La Rennaise, « Juste parmi les nations »
Marie-Louise Charpentier
« Juste parmi les nations »
(26 novembre 1905, Rennes - 24 juin 1998, Rennes)
La Rennaise Marie-Louise Charpentier , « Lily », effectue des études d'infirmière et, diplômée, devient assistante sociale. Pendant la guerre, elle est assistante sociale au bureau d'assistance aux familles des prisonniers de guerre.
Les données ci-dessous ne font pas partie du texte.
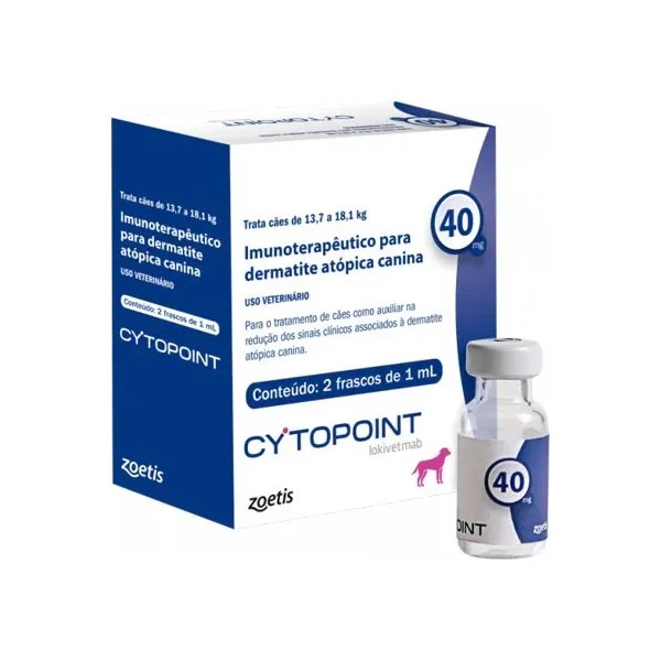 INMUNOTERAPÉUTICO PARA DERMATITIS ATÓPICA CANINA - SOLUCIÓN INYECTABLE. Cytopoint de 10mg es para perros de 2,3 a 4,5kg. Cytopoint® es un líquido estéril, listo para usar, que contiene un anticuerpo monoclonal caninizado (mAb) contra la interleucina-31 (IL-31). Estudios de laboratorio han demostrado que la IL-31 induce prurito en perros. Cytopoint® permanece en la circulación durante varias semanas. Ejerce un efecto terapeútico al enlazar y neutralizar a la IL-31 soluble, inhibiendo así el prurito y reduciendo las lesiones en la piel. Al igual que otros anticuerpos y complejos anticuerpo-antígeno naturales, su eliminación es por las vías normales de degradación de las proteínas.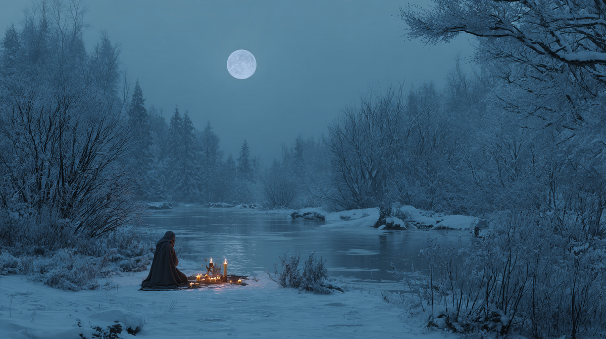 Холодная Луна приходит на исходе года, когда погода заметно стянулась морозцем. В одних местах уже лежит снег, и на ощупь — самая зима, хотя формально она начнётся с солнцестояния. (Иногда Полнолуние — до него, иногда — сразу после: это зависит от года.) Этот «порог холода» подчёркивает ценность ритма и меры: отдых становится практикой силы, а тишина — способом услышать, куда теперь жить. В языческих традициях это естественный «мост» к Йолю и обрядам возрождения — когда старое с благодарностью отпускают, а новое встречают с почтением к циклам природы.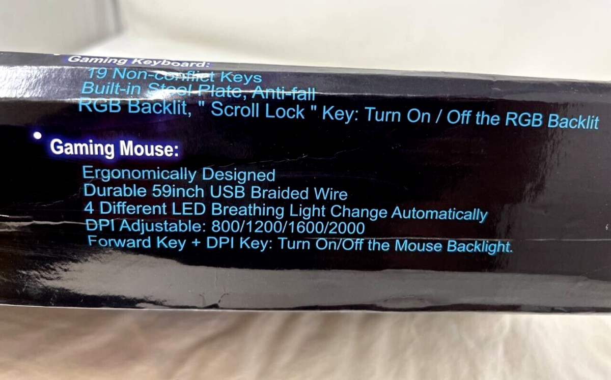 Item includes: Please note: This item includes 1x BlueFinger RGB Wired Keyboard and 1x RGB Mouse ? As Pictured. No other accessories are included.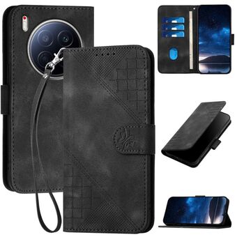 For Tecno Camon 40 Premier Grid Butterfly Embossed Pattern Leather Phone Case with Lanyard(Black)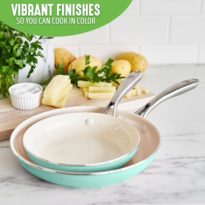About This Set includes: 8" frying pan and 10" frying pan Our healthy and easy-to-clean ceramic nonstick coating is derived... Read more
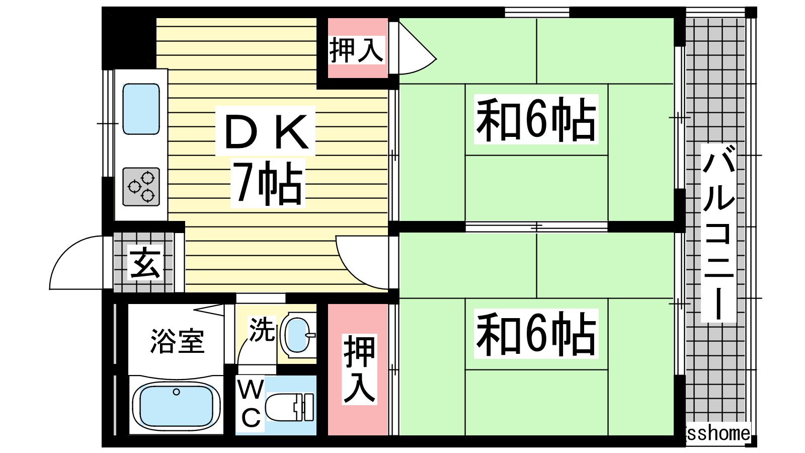 - 和室6帖、和室6帖、DK7帖

En 1943, elle reçoit une dame âgée, Mme Engelstein, en larmes, qui lui narre son histoire : originaire de Pologne, installée à Metz au début du siècle, son fils Joseph, mobilisé, est prisonnier de guerre ; elle et son époux Fishel ont fui Metz lors de l'annexion par les Allemands en 1940 et se sont réfugiés à Rennes, rejoints par leur belle-fille et ses deux jeunes enfants ; mais la Gestapo a surgi dans leur maison, tout saccagé et emmené son mari et sa belle-fille, tout en menaçant de revenir chercher la grand-mère et ses petits-enfants. Des voisins prévinrent l'assistante sociale. La dame ne parlant couramment que l’allemand et le polonais, Mlle Charpentier alerta Monseigneur Roques. Parlant l'allemand, il eut un entretien avec Mme Engelstein qui lui révéla l’existence d’une parente, habitant l’Aveyron, qui pourrait les héberger.
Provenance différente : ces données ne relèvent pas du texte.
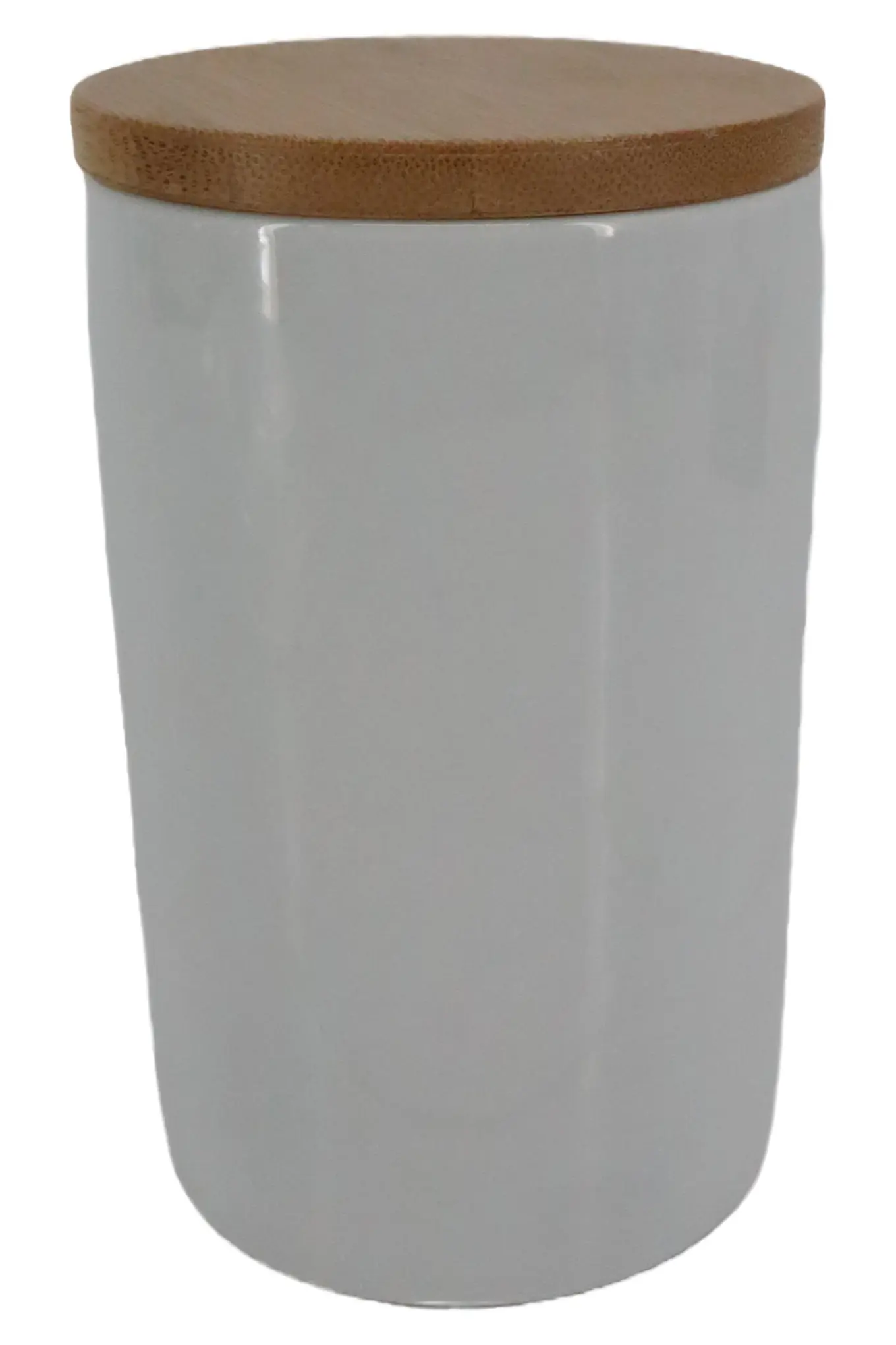 DEPOT Vorratsbehälter 9 cm Weiß Porzellan Holzdeckel
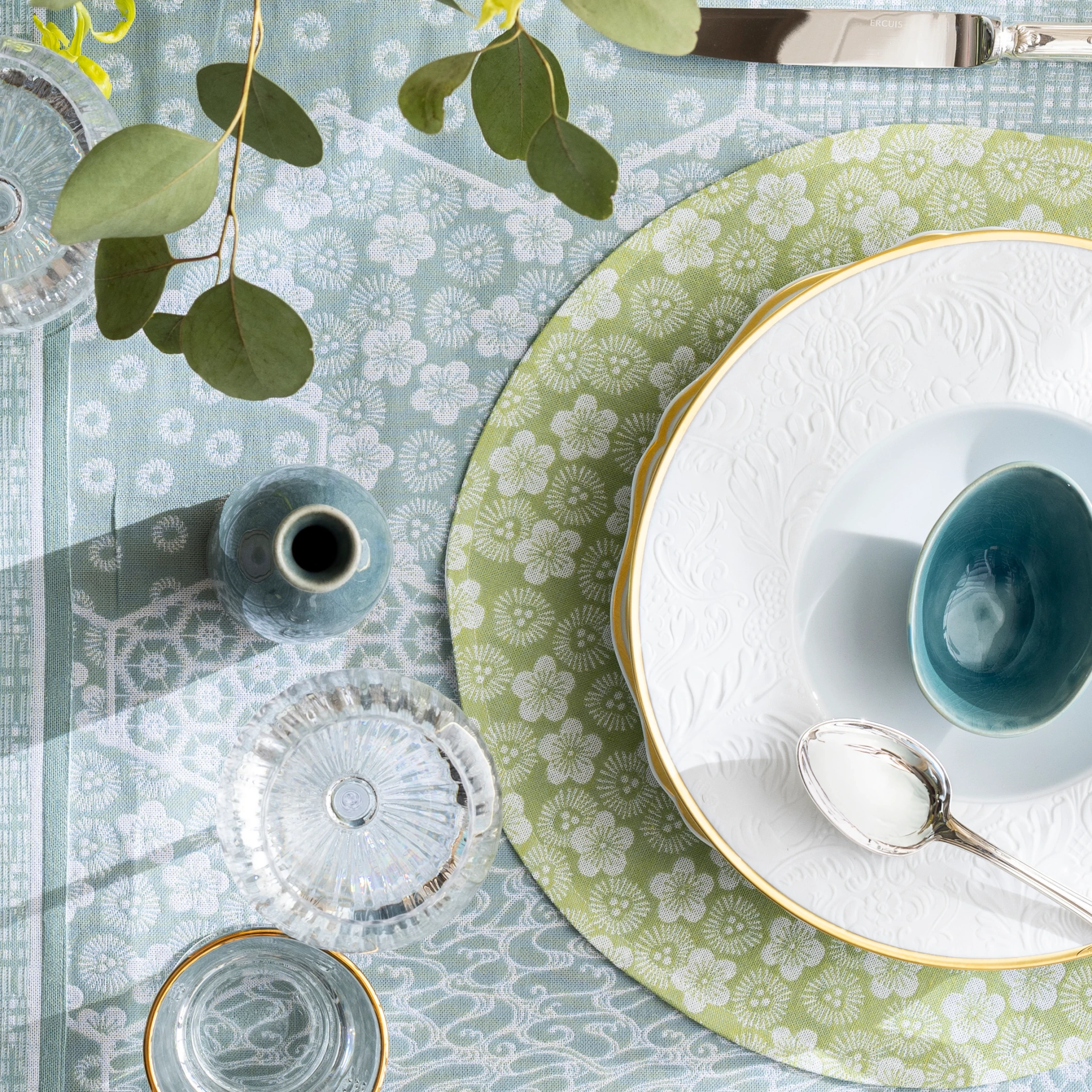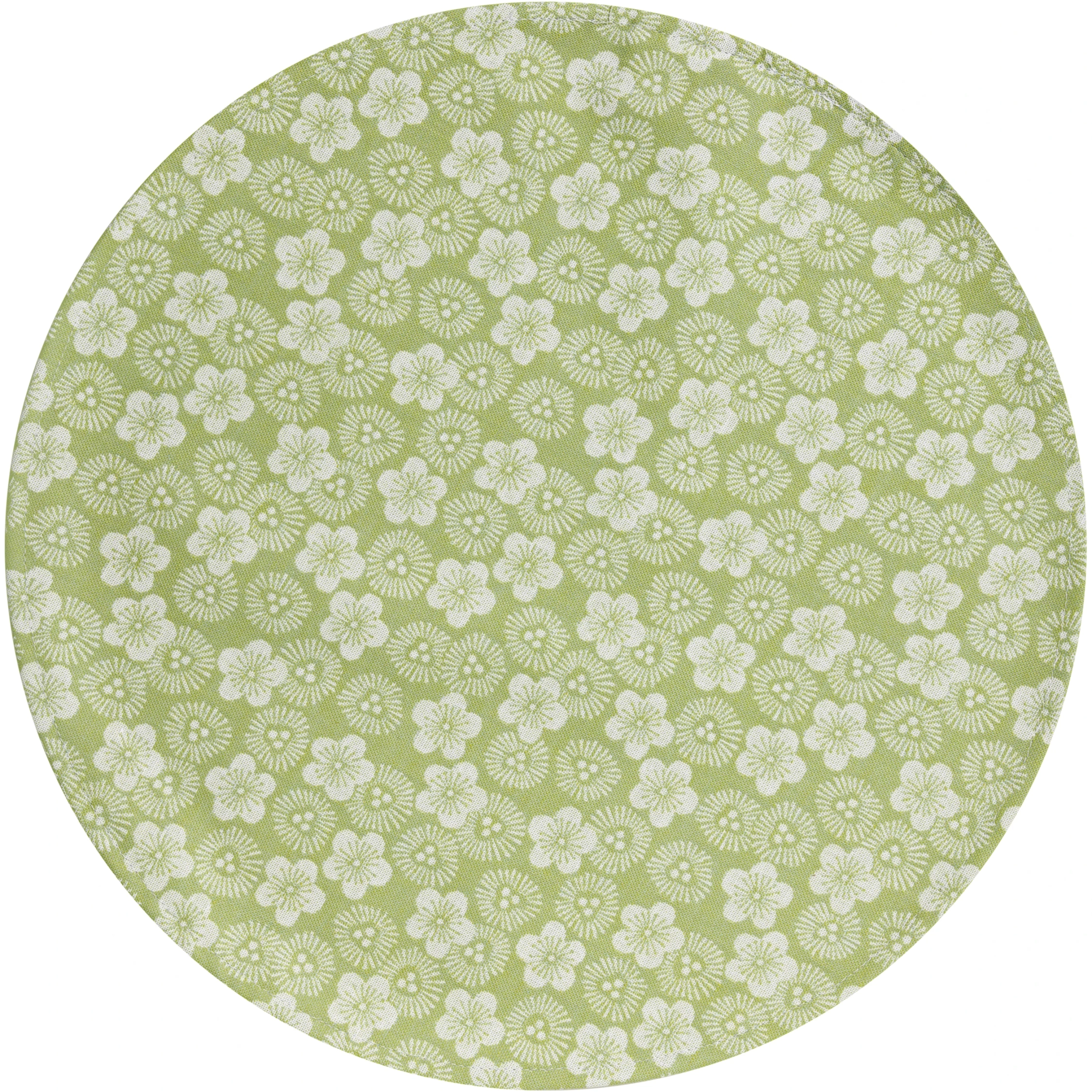 - Bawełniana mata plamoodporna Ø 38 cm w kolorze zielonym z kolekcji Wagara od Le Jacquard Francais.

Marie-Louise Charpentier part aussitôt avec la grand-mère chercher les jeunes enfants : Catherine, trois ans, et Raymond, deux ans. Ayant des contacts avec la résistance, elle les emmène chez un ami à la campagne, à une quinzaine de kilomètres de Rennes, où ils restent un mois environ. Il avait accepté de les loger provisoirement, à condition que Marie-Louise s'occupât de tout. Son frère apporte la nourriture, aidé par deux amis. Le SD avait reçu une note du délégué régional du CGQJ[1] signalant la fuite de Engelstein, née Bandler Malca, le 14.5.1882, 7 rue Saint-Louis à Rennes, et des petits enfants, indiquant que le docteur Daussy, médecin de l’hôpital psychiatrique et Mlle Charpentier, adjointe sociale-chef du service de l’armée, 17 rue des Dames, étaient certainement au courant de l’endroit où ces Juifs se sont réfugiés[2] [3].
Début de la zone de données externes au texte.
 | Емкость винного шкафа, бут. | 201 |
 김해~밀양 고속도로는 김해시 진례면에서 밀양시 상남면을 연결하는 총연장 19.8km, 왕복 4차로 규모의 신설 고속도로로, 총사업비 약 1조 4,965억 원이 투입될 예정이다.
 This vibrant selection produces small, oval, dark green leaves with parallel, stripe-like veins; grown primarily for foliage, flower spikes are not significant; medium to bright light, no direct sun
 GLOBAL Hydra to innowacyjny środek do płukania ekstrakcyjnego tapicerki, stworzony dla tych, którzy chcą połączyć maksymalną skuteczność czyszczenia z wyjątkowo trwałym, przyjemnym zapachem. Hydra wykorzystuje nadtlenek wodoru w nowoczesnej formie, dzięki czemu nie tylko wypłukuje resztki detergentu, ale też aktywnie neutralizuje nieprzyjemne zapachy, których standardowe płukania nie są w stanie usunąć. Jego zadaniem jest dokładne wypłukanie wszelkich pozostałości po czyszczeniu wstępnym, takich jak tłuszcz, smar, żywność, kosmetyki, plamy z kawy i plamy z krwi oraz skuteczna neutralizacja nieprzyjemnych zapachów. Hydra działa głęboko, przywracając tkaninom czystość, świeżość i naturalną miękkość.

En solution plus durable et plus sûre, elle envoie la dame âgée se faisant passer pour sourde et ses petits-enfants chez des amis résistants à Paris, en novembre 1943, accompagnés de deux jeunes désirant rejoindre les forces du général de Gaulle. « Les cinq lapins sont bien arrivés » dit un télégramme. La grand-mère et les deux enfants sont ensuite emmenés, par un réseau clandestin, pour rejoindre des parents dans l'Aveyron. Le grand-père, Fishel Engelstein, mourut dans le train vers Auschwitz. La grand-mère et les enfants survécurent. Après la guerre, la mère des enfants, rescapée de Bergen-Belsen, retrouva son mari et ses enfants, et vint remercier leur bienfaitrice mais elle décéda cinq ans après, épuisée physiquement et moralement[4].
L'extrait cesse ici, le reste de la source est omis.